N = number of non-H atoms in the unit cell (PDB); c = number of centerings; N p , CC M , N iter, n.c., t ρ, t η and Q as in Table 3 ▸. [t ρ = 2.80 except for 1w3m (2.60), 3d1p (2.70), 1a6m (2.75), 41au (2.70) and 3fsa (2.70); 〈B Wilson〉 is 6.8 (1.1) Å2 with the extrema being 5.3 for 2fdn and 9.1 for 1eb6.]

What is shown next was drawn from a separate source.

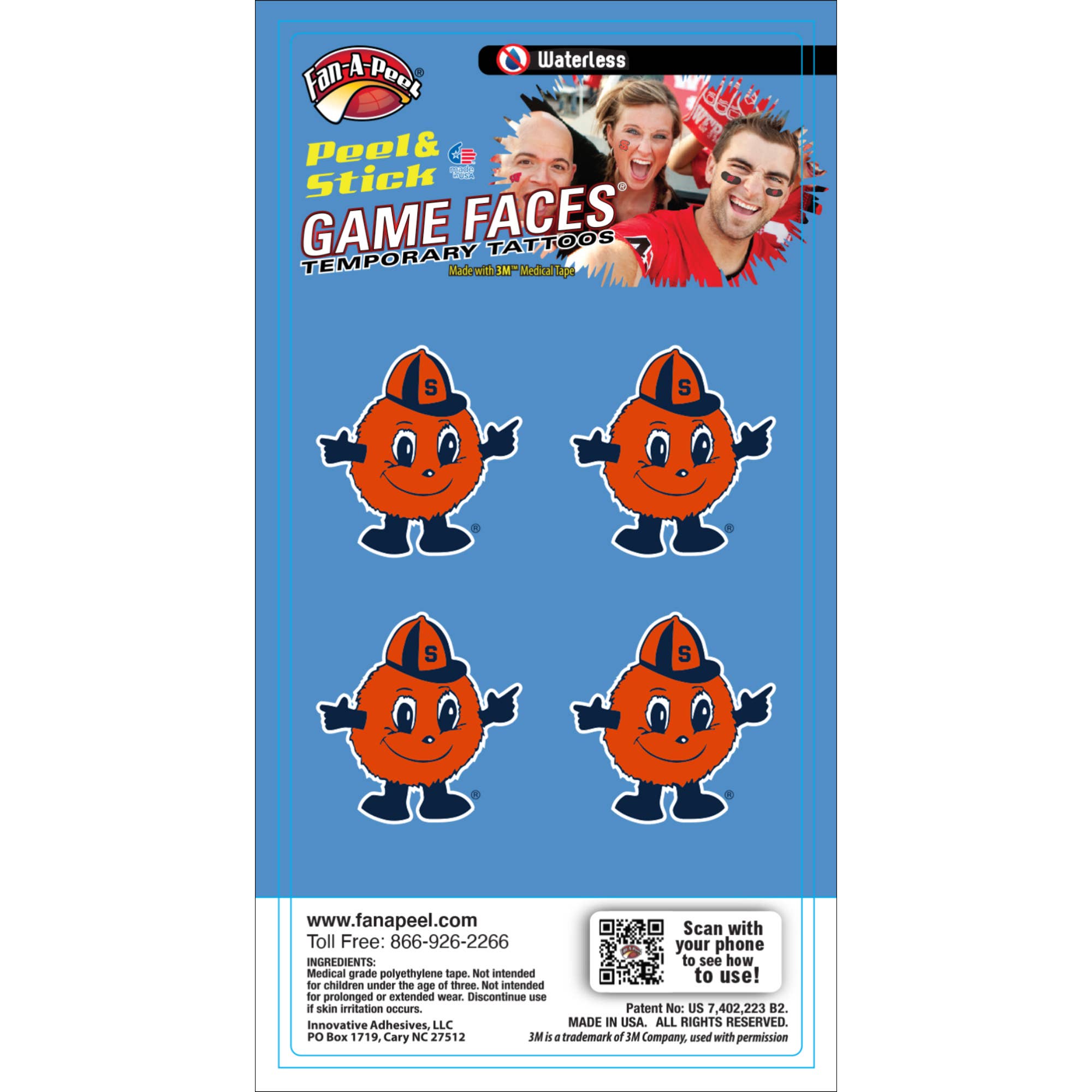 Get your game faces on! Show your game day style with game faces® temporary tattoos. Each package contains 4 water Tattoos are approximately 1.25" x 1.25"

| PDB code | N/c (S/c) | N p /c (n) | CC M | N iter for 5 trials | t η | Q |
|---|---|---|---|---|---|---|
| 2bf9 | 768 (2Zn) | 709 (1.1) | 0.81 | 10, 11, 12, 13, 15 | 3.5 | 2.2 |
| 8rxn | 1010 (2Fe) | 905 (1.1) | 0.83 | 14, 15, 17, 18, 22 | 3.5 | 1.4 |
| 1w3m | 1276 (24Ca) | 1275 (1.4) | 0.81 | 30, 33, 37, 42, 80 | 4.0 | 1.1 |
| 2ov0 | 2060 (2Cu) | 1990 (1.5) | 0.84 | 14, 15, 16, 16, 29 | 4.0 | 0.9 |
| 1c75 | 2660 (4Fe) | 2541 (1.4) | 0.82 | 12, 13, 14, 16,16 | 4.0 | 1.1 |
| 3d1p | 2702 (4Se) | 2642 (1.1) | 0.83 | 12, 12, 14, 15, 16 | 3.8 | 1.1 |
| 1pwl | 3030 (1Br) | 3123 (1.1) | 0.83 | 32, 54, 57, 62, 149 | 3.8 | 1.2 |
| 1a6m | 3154 (2Fe) | 3203 (1.1) | 0.83 | 28, 30, 31, 37, 48 | 4.0 | 0.8 |
| 41au | 3278 (6Se†) | 3440 (1.1) | 0.85 | 41, 69, 79; n.c. (2×) | 3.8 | 1.0 |
| 1eb6 | 3300 (2Zn) | 3406 (1.1) | 0.82 | 16, 18, 23, 24, 40 | 4.0 | 0.9 |
| 1b0y | 3348 (16Fe) | 3360 (1.3) | 0.76 | 38, 39, 41, 53, 79 | 3.5 | 1.5 |
| 1x8q | 3662 (2Fe) | 3510 (1.5) | 0.83 | 34, 36, 58, 64, 92 | 4.0 | 1.0 |
| 2fdn | 3944 (64Fe) | 3832 (1.3) | 0.81 | 21, 21, 22, 23, 26 | 3.8 | 1.0 |
| 3fsa | 4488 (4Cu) | 4580 (1.5) | 0.83 | 31, 39, 40, 44, 56 | 4.0 | 1.0 |
| 1c7k | 4532 (4Zn) | 4548 (1.3) | 0.84 | 80, 96, 128, 202, 399 | 4.0 | 0.9 |
| 3ks3 | 5626 (2Zn) | 5588 (1.2) | 0.83 | 9, 10, 10, 10, 10 | 3.9 | 1.1 |
| 1heu | 7618 (4Cd) | 7603 (1.1) | 0.82 | 35, 40, 42, 45, 176 | 3.9 | 1.1 |
†
Four Se atoms are partially disordered.